2016-06-30
This story originally appeared in January, 2001.

With most sports observers convinced that Super Bowl XXXV would dissolve into a defensive standoff with few offensive highlights, the buzz in Tampa Bay last week was the ongoing controversy over the Super Bowl MVP, Baltimore Ravens linebacker Ray Lewis. Considered the best defensive player in football, Lewis made news of the wrong sort after last year's Super Bowl when he and his buddies left two men bleeding to death on an Atlanta street corner. Baltimore's head coach Brian Billick and star tight end Shannon Sharpe harangued the media, telling it to leave Lewis alone. Which, of course, only made the story even bigger.

Meanwhile, New York Giants quarterback Kerry Collins' comeback from alcoholism, from a reputation as a quitter, and even a racist, has gone nearly unnoticed. Collins' numbers are a story in itself. Completing his best performance as a pro, Collins finished the year with 381 yards and five touchdowns in New York's 41-0 victory over the Minnesota Vikings in the NFC championship game. Collins wasn't the star of the Super Bowl that Lewis was, but his is a bigger story--a more human story--than the improbable rise of St. Louis Rams quarterback Kurt Warner from grocery clerk to last year's MVP.

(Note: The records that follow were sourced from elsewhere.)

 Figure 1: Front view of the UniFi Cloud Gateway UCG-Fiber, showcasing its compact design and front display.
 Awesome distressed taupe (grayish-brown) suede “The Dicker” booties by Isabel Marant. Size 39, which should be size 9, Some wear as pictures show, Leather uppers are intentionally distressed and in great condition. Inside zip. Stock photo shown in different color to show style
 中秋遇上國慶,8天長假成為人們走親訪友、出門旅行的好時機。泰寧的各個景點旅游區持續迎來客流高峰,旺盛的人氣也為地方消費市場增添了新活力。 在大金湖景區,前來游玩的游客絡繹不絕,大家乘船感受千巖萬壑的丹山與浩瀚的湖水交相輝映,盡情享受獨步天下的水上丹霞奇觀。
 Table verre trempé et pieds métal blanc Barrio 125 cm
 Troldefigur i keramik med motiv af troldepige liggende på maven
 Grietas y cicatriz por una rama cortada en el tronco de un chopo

Coming out of Penn State, the very first player drafted by the Carolina Panthers, Collins seemed to be a star in the making. Instead, alcohol soon reduced him to an accident waiting to happen. Collins admits that he drank to lose control. He didn't drink every day, but when he started he never stopped at one beer. "I used alcohol as a rebellious tool," he says. "I really had problems with the public attention, living in the public eye. I adopted the adage of 'I'll show you.'"

And he did show the world--the dark side of his soul. As the Panthers broke training camp in 1997, several teammates accused him of uttering a racial slur. Collins remembers being "very intoxicated" and trying to joke around. But as that season unfolded, Collins showed more signs of someone whose life was falling apart. He threw a league-high 21 interceptions and finished last in passing efficiency. Worse, he told the head coach that his heart wasn't in the game anymore. Teammates and fans called him a quitter. He was waived in 1998 and played poorly the next season in New Orleans. When the Saints released him, Collins' career appeared about over.

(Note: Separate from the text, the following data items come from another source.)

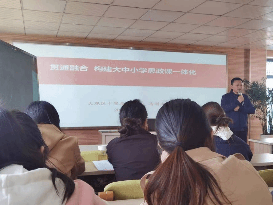 在十里中心学校,校长刘同明对安庆师大师生们的到来表示热烈欢迎,并对专业见习提出了要求。随后,同学们观摩了该校优秀教师展示的数学课堂和语文课堂,现场聆听了马刘杰副校长所作的“贯通融合、构建大中小学思政课一体化”的专题讲座。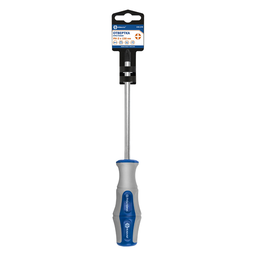 Отвертка Ultra Grip КОБАЛЬТ PH-3 х 150 мм, CR-V, двухкомпонентная рукоятка, подвес (646-379) - цена, фото, технические характеристики
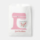 Ce sac de faveur personnalisé ludique présente un mélangeur rose avec la phrase "L'esprit de pâtisserie brillant" avec des couleurs alternées et des accents scintillants. Les couleurs incluent le rose, le rouge, le vert et le bleu clair. Vous pouvez personnaliser avec votre nom de famille, ce qui en fait le sac parfait pour emballer vos pâtisseries !
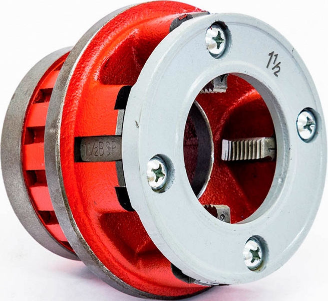 Резьбонарезная головка для ручного клуппа Brexit BSPT R SS 1 1/2" (Брексит БСПТ Р СС 1 1/2") предназначена для нарезки правой трубной конической резьбы BSPT R на стандартных черных стальных водопроводных и газопроводных трубах Ø 1 1/2". Подходит к ручным резьбонарезным клуппам Brexit, а также других производителей (совместимость обязательно уточняйте у специалистов!).

The Giants were the only team to take a chance on Collins, weathering criticism from the New York media. Before joining the Giants, Collins checked himself into the Menninger rehab clinic in Topeka, Kansas, for alcohol abuse. He stayed eight weeks. "I knew I had maybe one more shot," he says, "and that I better make the most of it."

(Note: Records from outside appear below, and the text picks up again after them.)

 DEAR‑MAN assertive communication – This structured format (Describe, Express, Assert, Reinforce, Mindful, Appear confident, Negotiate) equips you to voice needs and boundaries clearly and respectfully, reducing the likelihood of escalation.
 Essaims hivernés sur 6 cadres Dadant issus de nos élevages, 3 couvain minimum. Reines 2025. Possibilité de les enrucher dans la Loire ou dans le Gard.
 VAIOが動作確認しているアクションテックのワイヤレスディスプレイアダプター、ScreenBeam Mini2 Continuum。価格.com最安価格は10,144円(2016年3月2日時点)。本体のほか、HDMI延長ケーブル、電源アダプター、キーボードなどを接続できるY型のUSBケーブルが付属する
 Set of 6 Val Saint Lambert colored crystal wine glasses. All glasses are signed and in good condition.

That kind of submission isn't routine among professional athletes. "Humility is not always a strong suit for professional athletes," Collins says. "One of the first things I had to do [at Menninger] was get humble."

In high school, Collins' father transferred him from Lebanon, Penn., to neighboring West Lawn so he could play for a better football team. He and his father lived in a one-room apartment, while his mother and older brother, Patrick, refused to move. Collins was 14 at the time and began to drink shortly afterward. He says he appreciates the sacrifices his parents made for him, but in the next breath says, "I don't think being 14 is the time to start your career."

The move sent Collins the wrong messages, he says. First, that football was more important than anything else. And second, that if things went fine between the lines, one's life would fall into place, too. As a college senior, Collins led Penn State to an undefeated season and was rated as the nation's top quarterback. But off the field he discovered that such accolades gave him little solace and his drinking escalated. "Alcohol caused me to act in an erratic way," he says. "Loss of control was the [major goal]. I was described as a lost soul at one time, and I definitely think that was the case."

In recent years, Deion Sanders, Gary Gaetti, and Reggie White are just a few of the professional athletes who have conquered their inner demons and been only too eager to tell us all about it. While Collins will speak openly about his battle with alcoholism, he's not clamoring to stay on the soapbox.

In coming back, in reaching the Super Bowl, Collins joined those who have quietly gotten their lives together. Down in Australia over the weekend, tennis star Jennifer Capriati, once tormented by drugs and personal problems, earned her first Grand Slam title by winning the Australian Open.

It was heartening last week to look past the Lewis controversy, to ignore the Super Bowl chalk-talk babble, and dwell, at least for a moment or two, upon another person who did what was necessary to save himself. "I'm proud of where I'm at," Collins said before the game of his life. "My story is, if you can change and do things the right way, good things will happen to you. I'm living proof of that."